Take the AstraZeneca candidate for Japan: It will be produced in Japan as well as overseas. The manufacturer, JCR Pharmaceuticals — a drug developer — said it has never produced vaccines.
Daiichi Sankyo is responsible for distribution, filling vials with the medication and packaging them. The Japanese company says it is working to prevent any shortage of vials and other supplies.
Pfizer, meanwhile, manufactures its vaccine in the U.S. and Belgium and ship it to Asia. Logistics will be a major challenge.
PHC, a Tokyo-based medical equipment supplier, is busy handling orders for its ultralow-temperature freezer, which can cool to about minus 85 degrees Celsius. Orders are coming from U.S. and European pharmaceutical companies as well as international logistics companies, but PHC is increasing production to meet demand from Asia and other parts of the world.
Kanou Reiki, another freezer supplier, says it has been receiving a growing number of queries from hospitals and clinics in Japan. Freezers that can cool to minus 80 degrees “are usually not there in small hospitals and clinics,” a spokesperson said.
How about China?
China, which is expected to approve mass production of locally developed vaccine candidates by the end of December, has pledged to share them with neighboring countries in a diplomatic charm offensive. Cambodia is a potential beneficiary.
Foreign Minister Wang Yi said during an October visit to Cambodia that Beijing will provide Chinese vaccines to the Southeast Asian country on a priority basis. Cambodian Prime Minister Hun Sen also asked Moscow’s ambassador for Russian vaccine candidates in September.
Cambodian Health Ministry spokeswoman Or Vandine said there were no plans at this stage to acquire vaccine stocks outside the COVAX facility.
“Which vaccine we are going to use really depends on which vaccine the World Health Organization can prequalify,” Vandine said. “For it to meet our regulations here, it must be prequalified by the World Health Organization. It depends on the COVAX facility, how they will regulate and instruct and guide us.”
Vandine said Cambodian health authorities will use the country’s existing immunization programs to roll out a vaccine when it becomes available. Vaccine types requiring specialized storage unavailable in Cambodia could pose problems, she said.
Authorities have yet to finalize a national deployment and vaccination plan, she said, noting that a copy obtained by Nikkei was a draft and not endorsed. That plan lists in order six priority groups that comprise roughly 20% of Cambodia’s 16 million people.
The first group includes “health care workers, including auxiliary workers,” whose population is given as almost 37,000. “Essential government workers” are next, including the army and police. This category comprises almost 290,000 people.

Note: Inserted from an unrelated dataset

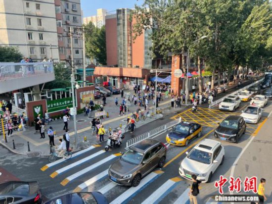 北京市花園橋附近,學生們正在進入學校。 任靖 攝

The third group covers 50,000 front-line health volunteers and people involved with immunization programs.
The other three groups, in order, are 992,000 elderly citizens, 1.5 million high-risk adults with conditions such as hypertension and diabetes and about 620,000 garment factory workers.
In Malaysia, the private sector is working with Chinese companies for vaccine supply. Local e-commerce player MyEG Services has inked an agreement with Shenzhen-based Anhui Zhifei Longcom Biopharmaceutical to conduct Phase 3 trials.
Under the agreement, MyEG will be the sole distributor of the vaccine and will secure Halal status for the vaccine to enable usage for Muslims.
Property developer Yong Tai has also joined the race, teaming up with China’s Shenzhen Kangtai Biological Products to conduct Phase 3 trials and sales of the latter’s COVID-19 vaccine in Malaysia.